Speaking of golf, this is the weekend of the Masters at Augusta. It doesn’t look like the weather there is going to be very good, though. A lot of young players are capable of winning this one. I think that Jason Day, Jordan Spieth and Bubba Watson have good chances to win the green jacket this year. We’ll see! (I am drafting this before it begins!)
This week also was the conclusion of the NCAA men’s and women’s basketball tournaments. UNC and Villanova had a great game and an exciting last 5 seconds in the men’s and the UCONN Lady Huskies swept their way to their fourth national title in a row. What a team this is/was!

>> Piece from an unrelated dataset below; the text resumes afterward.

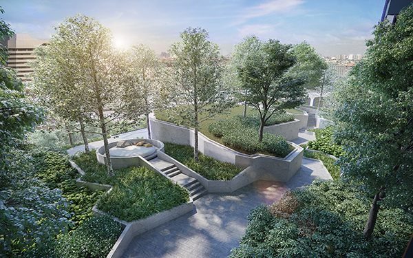 ภาพวิวสวนจากชั้น Mezzanine ด้านทิศตะวันตก

Just want to thank the following family and friends for their hospitality during my trip south: Joya and Chris; Jill and Richard; Dave and Robyn; Dale and Marie; Evelyn; Bill and Cynthia; Bill and Phyllis; Peter; Martha; Kevin and Pat; and Jonathan. It was a great trip! I put about 3,600 miles on my Honda Accord, which now has 105,000 miles on it. But it was nice to only have to spend under $2 per gallon of gas (errrr, I mean petrol).
The local ski areas have closed and I’m looking forward to getting out on my bike, as well as on the local golf course.
I’m thinking and hoping that the mud season this year won’t be too bad. Have my fingers crossed!
Time to wish older brother Nate a happy birthday on Saturday the 9th!